I crimini in cui la violenza contro le donne colpisce i loro figli come forma di ritorsione hanno ricevuto punizioni più severe con l’approvazione di una nuova legislazione in Brasile. Questa pratica, ora riconosciuta come violenza indiretta, è stata esemplificata nell’aprile 2026, con pene che vanno dai 20 ai 40 anni di carcere per il cosiddetto vicaricidio. L’inclusione di questa modalità nella Legge Maria da Penha e nel Codice Penale mira a frenare gli atti estremi in cui gli aggressori utilizzano le persone a loro vicine come strumenti di sofferenza per le vittime.

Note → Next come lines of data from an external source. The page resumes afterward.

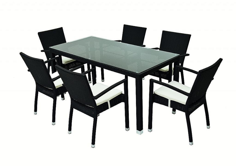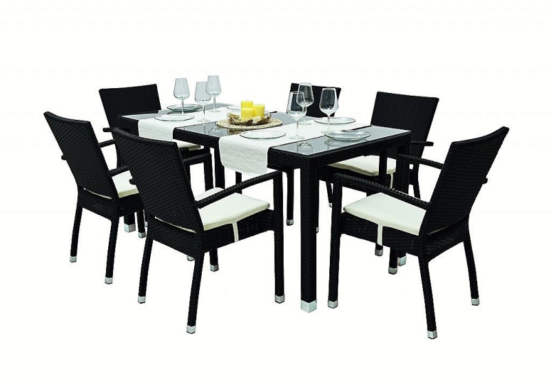 Jednoduchá údržba, elegantný vzhľad. Sestava obsahuje: 1x Záhradný ratanový stôl NAPOLI 160x80 cm (čierna), 6x Záhradné ratanové kreslo NAPOLI s poduškou (čierna)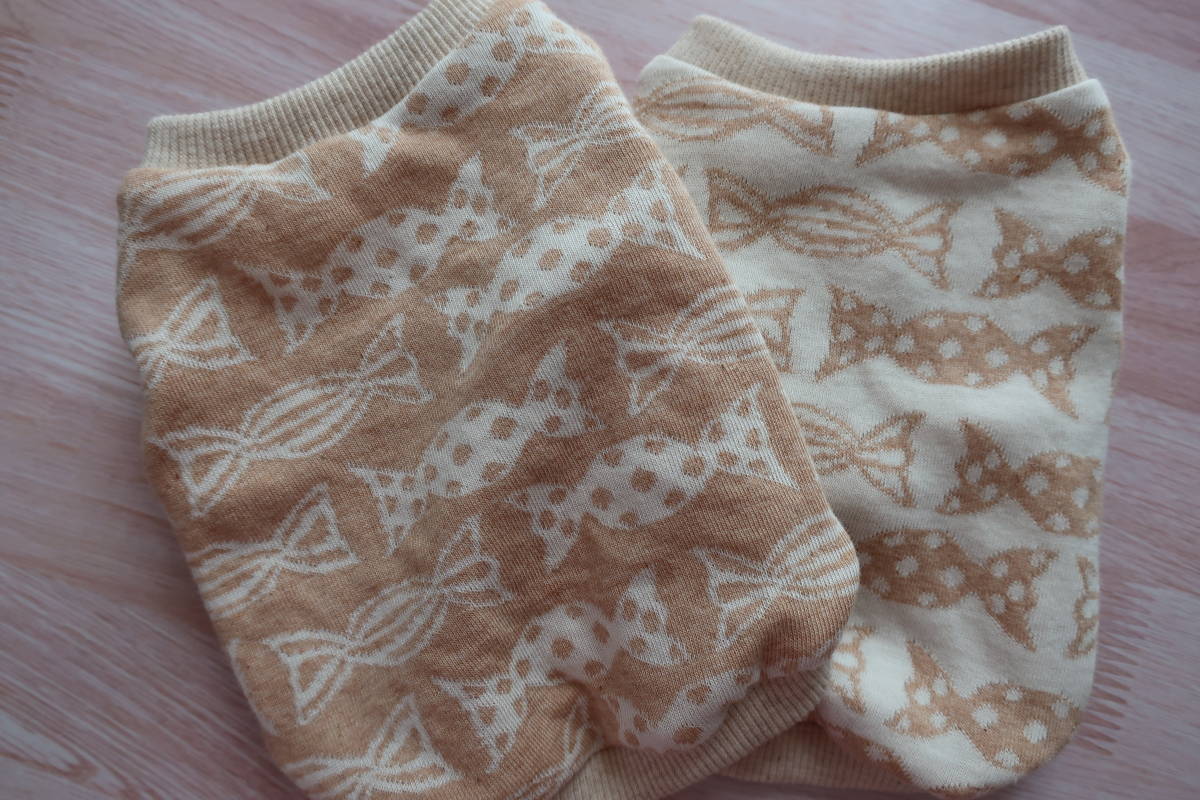 - 【3S】色違い 双子コーデ ベージュ系 生成り色 キャンディー柄 小型犬犬服ドッグウエアハンドメイド
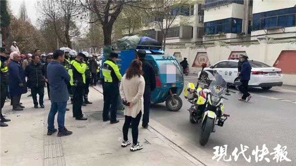 現(xiàn)代快報(bào)記者了解到,3月29日上午10時許,快遞小哥高某為了抓緊送貨,駕駛電動三輪車行駛至阜寧縣阜城街道城河路與勝利路交叉路口時,不小心與騎電動車的單某發(fā)生碰撞。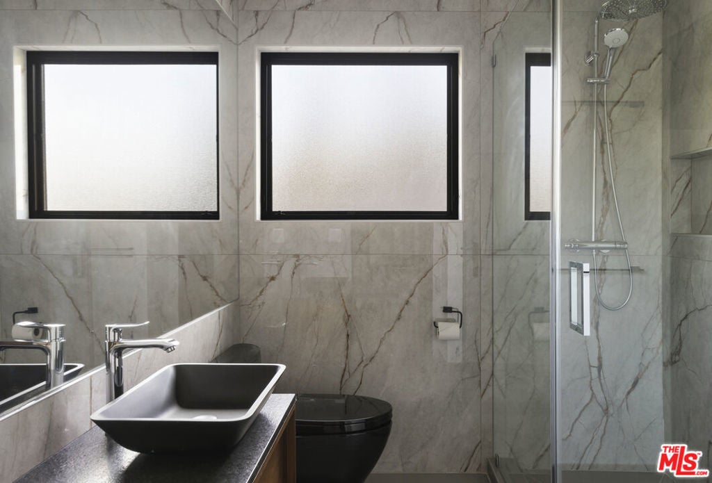 Rare, design-forward retreat in the heart of Silver Lake, set on a lush 7,724 sqft double lot just moments from the Reservoir, Meadow, and neighborhood hotspots. Thoughtfully created to blur the line between indoor and outdoor living, the home features expansive windows and multiple outdoor spaces including a ~500 sqft front deck, ~275 sqft rear deck, private garden, and spacious backyard. The main residence offers a modern aesthetic with high-end finishes, large porcelain tile floors, curated lighting, and European soft-close doors. Three Mitsubishi split-system A/C units provide year-round climate comfort. The kitchen is beautifully appointed with natural stone surfaces, premium appliances (Liebherr, GE Advantium, Miele), and seamless flow for indoor-outdoor dining. The primary suite connects to a spa-inspired bath with a Hansgrohe rain shower and custom vanity. Additional features include a tankless water heater, Ring security system, two-cars paver driveway off street parking, and landscaped grounds with irrigation. Pet friendly and available now! A separate second-floor ADU is only occasionally used by the owner, maintaining a high level of privacy. A rare opportunity to live in a serene, design-driven home in one of LA's most sought-after neighborhoods.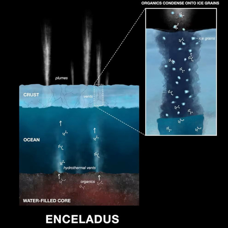 O veriler, sonda kontrollü şekilde Satürn’e düşerek görevini sonlandırdıktan yıllar sonra yeniden incelendi. Bilim insanları, söz konusu buz tanelerinde önceden Satürn’ün E halkasında tespit edilenlerle aynı ya da çok benzer organik moleküller buldu. Bu da, bileşiklerin uzayda tesadüfi kimyasal süreçlerle değil, doğrudan Enceladus'un yeraltı okyanusunda oluştuğunu gösteriyor.
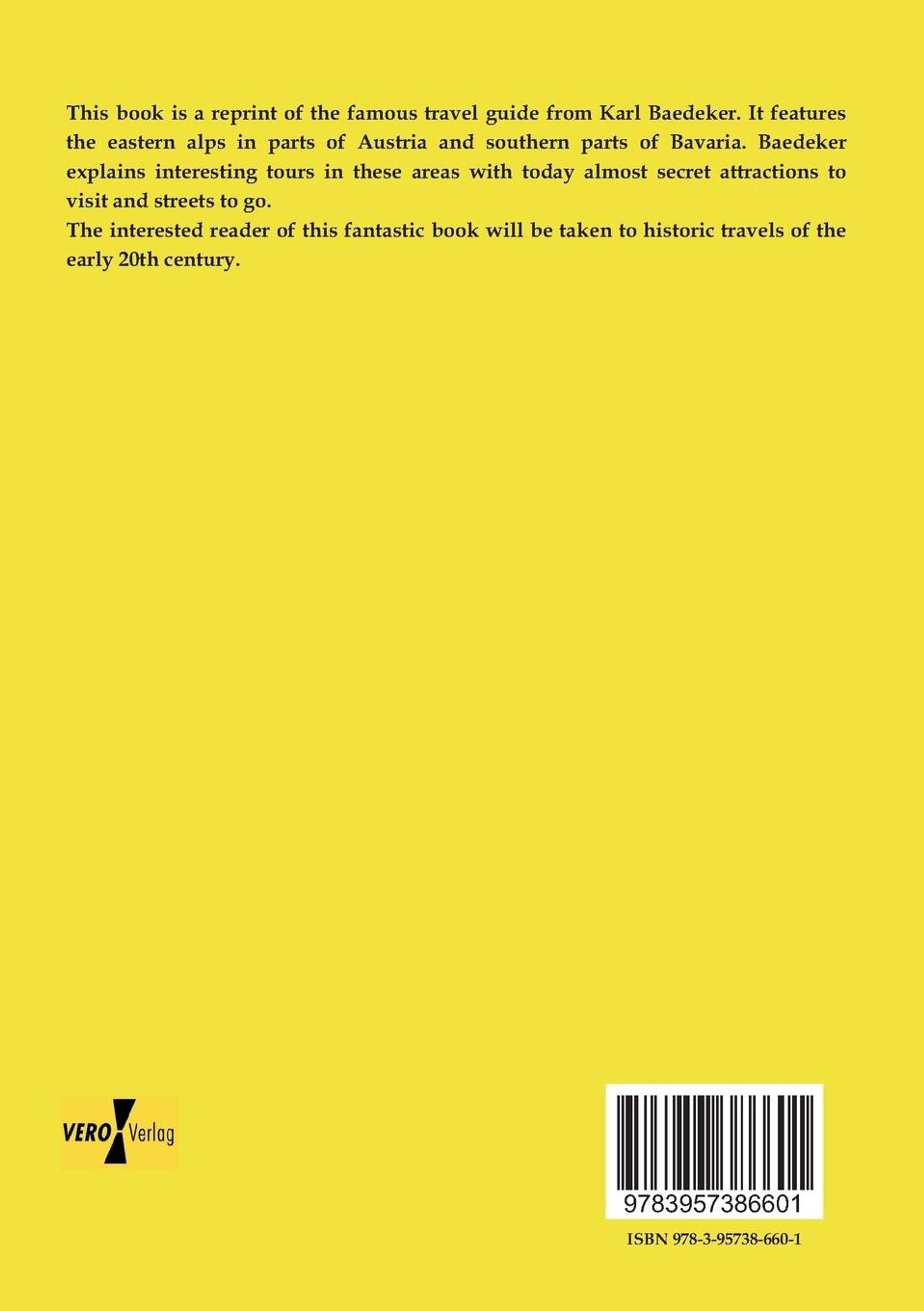 This book is a reprint of the famous travel guide from Karl Baedeker. It features the eastern alps in parts of Austria and southern parts of Bavaria. Baedeker explains interesting tours in these areas with today almost secret attractions to visit and streets to go. The interested reader of this fantastic book will be taken to historic travels of the early 20th century.

Comprendere il vicaricidio e la nuova legislazione in Brasile
La violenza indiretta si manifesta quando l’aggressore, impossibilitato ad attaccare direttamente la donna, usa i suoi figli, i suoi genitori o altri familiari stretti per causare dolore, punizione o controllo. Questa forma perversa di aggressione è stata formalmente riconosciuta e ha ricevuto una legislazione specifica per combatterla. La legge n. 15.384, approvata il 9 aprile 2026, ha inserito il vicaricidio nell’elenco dei crimini efferati, prevedendo condanne severe per i responsabili. La legge definisce che tale reato si realizza quando si uccide un discendente, un ascendente, un dipendente, un figliastro o una persona sotto la custodia o la diretta responsabilità della donna con il preciso intento di causare sofferenza o controllo.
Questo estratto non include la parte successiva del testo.